Он понимал, что сейчас, сию вот минуту решается его судьба, и всеми силами ненавидел аккуратненького гада этого Лисикова и обожал смешного Володьку и девушку Дашу, говорящую как Шаляпин.

— Есть хочешь? — спросила другая девчонка, чёрненькая, с печальными глазами в пол-лица.

Пашка кивнул.

— И пить, — хрипло сказал он.

— Глядите, заговорил, — удивилась девчонка. — Я уж думала, ты немой.

Принесли лимонад и две толстые котлеты. Пашка мгновенно уписал и то и другое и сидел, отдуваясь.

— Ну, теперь рассказывай, заяц. Выкладывай, кто таков и зачем удрал из дому, — сурово сказала Даша.

Пашка взглянул ей в глаза и сразу решил, что врать тут не стоит. Себе дороже.

Глава шестая. Эта прекрасная голая банда

Бурное лето Пашки Рукавишникова i_013.jpg

Прошло три дня. Пашка стал совсем своим человеком в теплушке. Смешно и странно было вспоминать, как он прятался и боялся думал, высадят, выгонят…

Эти ребята оказались не из тех, кому обидеть человека ни за что ни про что одно удовольствие. Эти ребята оказались — ого! Пашка даже не подозревал, что на свете есть такие. И так много.

Они были совсем взрослые, а будто Пашкины товарищи.

С ним не сюсюкали. Жизнь была не понарошке. Если с Пашкой говорили, то всерьёз, пели — всерьёз, даже хохотали всерьёз.

Это кажется странным как это можно хохотать всерьёз.

Но, оказывается, можно. Пашка такие вещи хорошо чувствовал.

Можно смеяться, когда тебе совсем не смешно, — вот, мол, какой остроумный, глядите-ка. Такой шкет, а туда же… Хи-хи-хи.

И становится противно, и чувствуешь, что ты ещё сопляк и с тобой неинтересно.

А когда никому не важно, двенадцать тебе лет или двадцать, и, если ты сморозил глупость, не говорят, что ты мудрец, и, если неудачно пошутил, никто из вежливости не улыбнётся, а когда удачно, захохочут — это всерьёз.

То ни одного друга у Пашки не было, а то целый вагон. Целый лошадиный вагон.

Вот ведь подвалила человеку удача.

Правда, и среди них был один — Лисиков, но он был один.

Этот Лисиков почему-то сразу его возненавидел. Непонятно почему.

Может быть, оттого, что все были за Пашку, а он один против. Вот он и злился.

Все это видели и посмеивались над Лисиковым, задавали всякие каверзные вопросы.

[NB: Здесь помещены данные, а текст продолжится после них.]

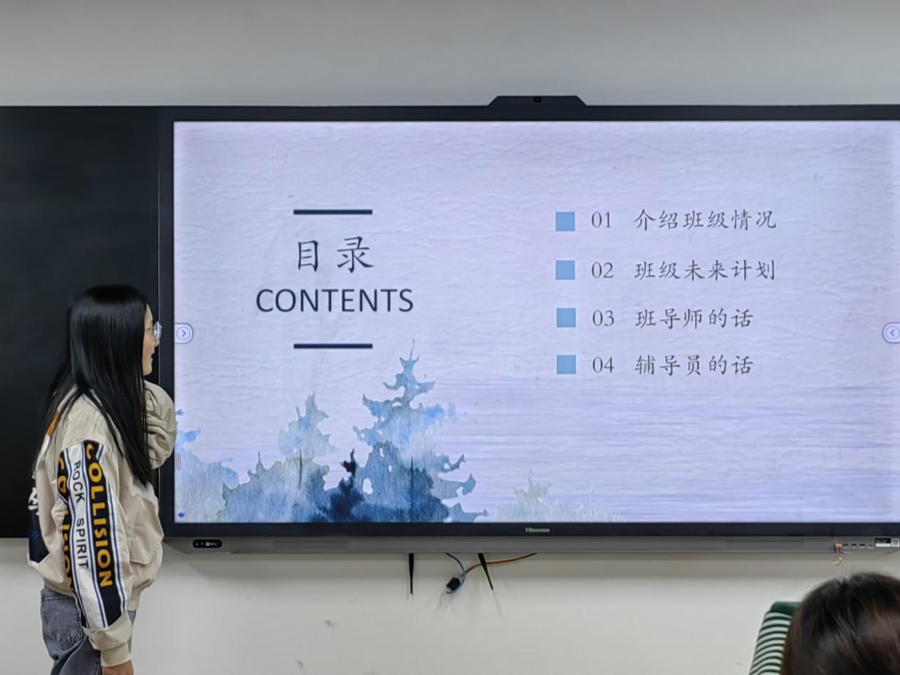 谭思依结合班训“历众史而明正道 致广大而尽精微”强调了历基班同学的任务和根本理念,总结了一学期来历史基地班的学习、文体等多方面情况,对班级在大一上学期的表现给予了肯定,指出了班级目前所存在的问题,并对班级全体同学予以期望,最后对新学期的各方面发展提出合理建议,强调了平衡学习与休息的重要性。

— Зачем это ты, Лисиков, целый мешок сгущёнки тащишь, надрываешься? Тебе же её ни в жизнь самому не съесть, она же к чаю, — спрашивали его.

— Ничего, справлюсь. Вот загонят нас в дыру, вот положите зубы на полку с голодухи, тогда узнаете, зачем.

А со всех сторон в ответ:

— Ну, молодец… Запасливый мужик… Хозяин… Мы, братцы, все зачахнем и вымрем, как мамонты, а он нет. Он спасётся… А скажи, Лисиков, туземцы нас не съедят? Напугал ты нас…

И все веселились. И Пашка, понятно, тоже.

А Лисиков злился почему-то только на него.

На второй день на остановке в вагон пришёл комендант. Проверять чистоту.

Все засуетились, забегали.

Пашку быстро спрятали, накрыли одеялом. А он подглядывал в щёлочку.

Комендант был маленький и юркий. Он быстро-быстро забегал по вагону, шмыгнул туда, шмыгнул сюда, заглянул под нары, вытащил оттуда пустую консервную банку из-под тушёнки.

— Свинячите? — укоризненно спросил он и ловко зафутболил банку в открытую дверь. Лицо у коменданта было недовольное, а нос мелко подрагивал. Он остановился посреди вагона, покачался с пяток на носки и сказал:

— Н-ну?!

Володька пил воду. Он поперхнулся от неожиданности и спросил:

— Что «ну»?

— Вопросы, заявления есть?

Володька пожал плечами.

Но тут вышел вперёд Лисиков и ленивым голосом начал:

— У нас тут, знаете ли, завёлся один за… ой! Что это?! Ты с ума сошёл?! — заорал он вдруг, потому что Володька спокойно вылил ему на голову кружку воды.

Бурное лето Пашки Рукавишникова i_014.jpg

— Ему, товарищ комендант, жарко. Ему голову напекло, — улыбаясь, объяснил Володька.

Комендант подозрительно поглядел на пунцового Лисикова, на его безжалостно разрушенный пробор, потом на Володьку — такого добродушного на вид и невинного — и махнул рукой.

— А ну вас, обормоты, сами разбирайтесь, — сказал он и спрыгнул на насыпь.

А с Лисиковым перестали разговаривать.

«И чего он прицепился?» — думал Пашка. Ещё в самом начале, когда Пашку вытащили на свет божий и он честно, ни слова не привирая, рассказал, почему удрал и куда добирается, Лисиков сказал:

— Врёт он всё. Меня не обманешь, я по глазам вижу. Он врёт, а вы уши развесили, лопухи. Этот заяц натворил что-то, а может быть, — Лисиков помолчал, длинно сплюнул, — а может, и спёр. Не зря удирает.

Пашка задохнулся от негодования. Он вскочил.

— Спёр, да? Спёр? Вот гляди. Вот читайте — письмо от бати. А ты… ты дурак прилизанный.

— Что-о? Смотри у меня, сопляк! В ухо живо заработаешь, — процедил Лисиков и отошёл.

С этого всё и началось. Неприятно, конечно, а что поделаешь? Пашка повёл себя так, будто Лисикова вообще не существовало.

Он целыми днями сидел, свесив ноги, у распахнутой двери.

Глядел и не мог наглядеться.

Целый мир — бесконечный и разный — открывался ему.

Казалось, поезд стоит на месте, а под ним весело и быстро вертится земной шар, поскрипывает осью. Показывает Пашке свои разноцветные бока: от сырых лесов бутылочно-зелёные, от гречихи — розовые, от ржи — жёлтые, от капусты — голубые.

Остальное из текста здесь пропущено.